It’s also important to take into account the Chuang Tse/Ursula K. Le Guin reference in relation to what Bleedthrough was going to be about. The Lathe of Heaven was the story of a man whose dreams could reshape reality, which he was trying to manage with drugs. George Orr (an obvious reference to 1984 and Animal Farm author George Orwell), after stealing a “pharma-card” to get drugs, is assigned a therapist, William Haber, who uses a machine to augment and dominate Orr’s abilities. You can see the influence this had on the Reznor of the early 2000s both through his statement about “the different layers of reality seeping into the next” and his getting clean—but especially the lyrics that were left in: “feel the little pieces bleeding through.”
Year Zero
After With Teeth, Reznor embarked on another ambitious concept album, Year Zero. This one was about a dystopian future fifteen or so years down the line, where a resistance movement struggles against a totalitarian government while strange phenomena occur involving giant hands reaching down from the sky, referred to as “The Presence.” He slowly unveiled this story through an elaborate alternate reality game of websites (created by 42 Entertainment). With each website, a glimpse of the world was revealed, a sort of snapshot of what Reznor thought the dystopian future would look like. The ARG may have been more popular at the time than the record, which Reznor has defended as “a great fucking album.” The story on the album does have a discernible storyline thread, that may involve a president-like character (see “Capital G”) who is coerced through drugs (“The Greater Good”) to launch nukes (“The Great Destroyer”), which triggers the Presence phenomena to an apocalyptic event (“Zero Sum”). Reznor even pursued a possible Year Zero television show, which would’ve been produced by Lawrence Bender.

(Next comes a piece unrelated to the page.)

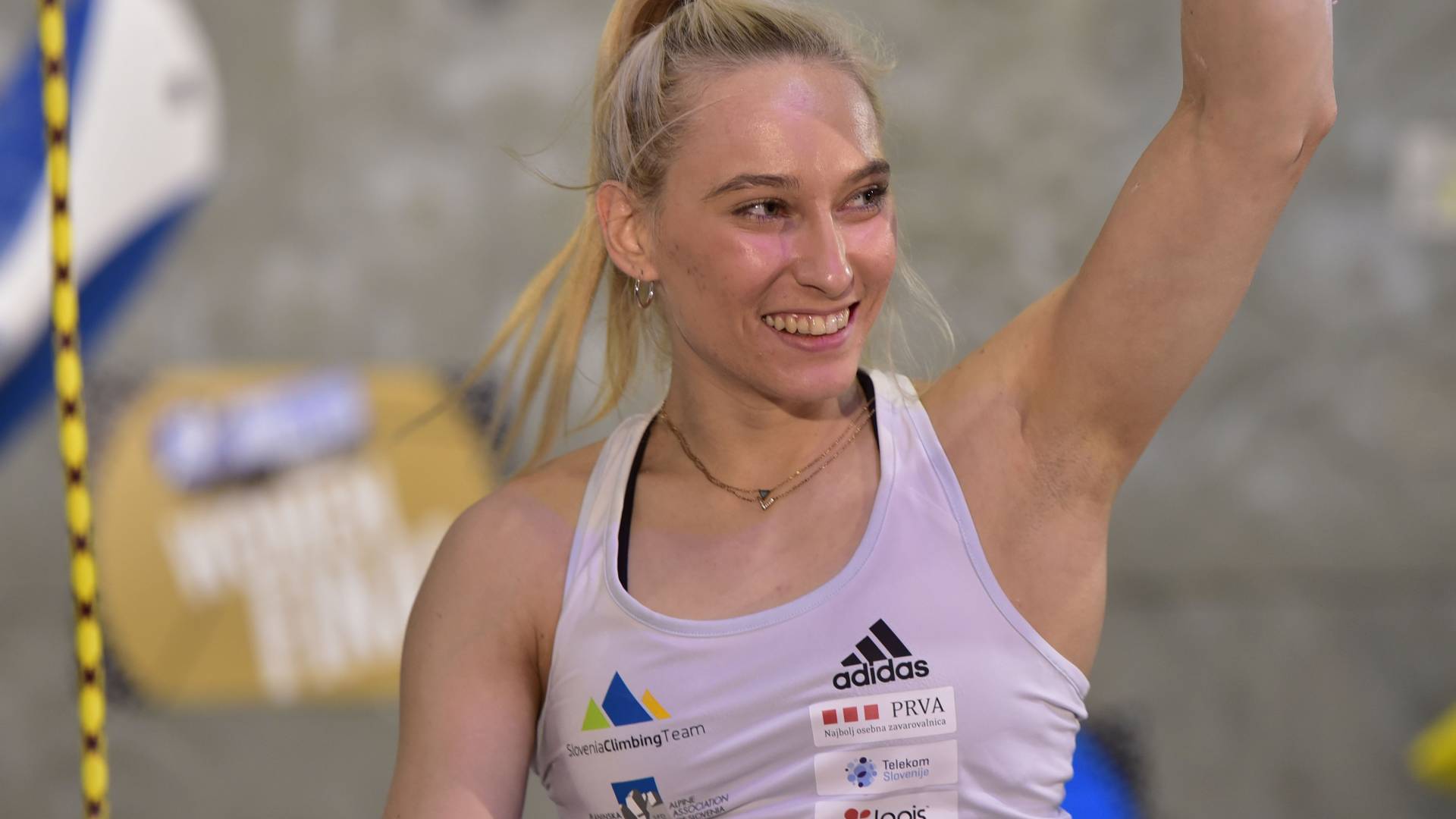 Za zadnji balvan je potrebovala več poskusov, a na koncu le splezala povsem do vrha ter je edina med 20 tekmovalkami zmogla vse štiri balvane.
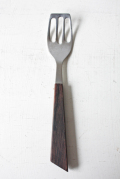 デンマーク製、ヴィンテージのフライ返しです。こちらはスプーンほどの大きさで、柄がチーク製で出来ており、北欧らしいデザインになっています。チークの耳付きステンレスのお皿に合わせても素敵ですし、カジュアルな印象ですので、アイデア次第でデイリーに使って頂きたいカトラリーです。

Some of the glimpses of the Year Zero world revealed by the websites included: * The Presence—a ghostly hand that reaches down from the sky, theorized to be linked possibly to drugs laced in public water supplies. However, the phenomenon appears on both a small scale, such as to graffiti vandals, and on a large scale, such as at a stock car racing event. Relates to the song “The Warning.” * Angry Sniper—a prominent character on a message board, a former soldier on a killing spree. Relates to the song “The Good Soldier.” * Opal and Parepin—a pair of drugs that may be related to one another. Opal is considered “The new crack” and induces feelings of euphoria and possible religious epiphany. Relates to the song “Vessel.” * Art is Resistance—a resistance movement against the totalitarian government, characterized by a spray-painted flag stencil. Relates to the song “My Violent Heart.” * Judson Ogram Correctional Facility—a prison, similar to Guantanamo, for criminals related to Art is Resistance or people who mention the Presence. Not necessarily related to a single song, but many Nine Inch Nails songs after Year Zero include references to imprisonment, such as “Echoplex,” “Various Methods of Escape,” and “The Idea of You.” * Church of Plano—a right wing, conservative group preparing for the apocalypse, similar to the real-world Westboro Baptist Church. Related to the song “God Given.”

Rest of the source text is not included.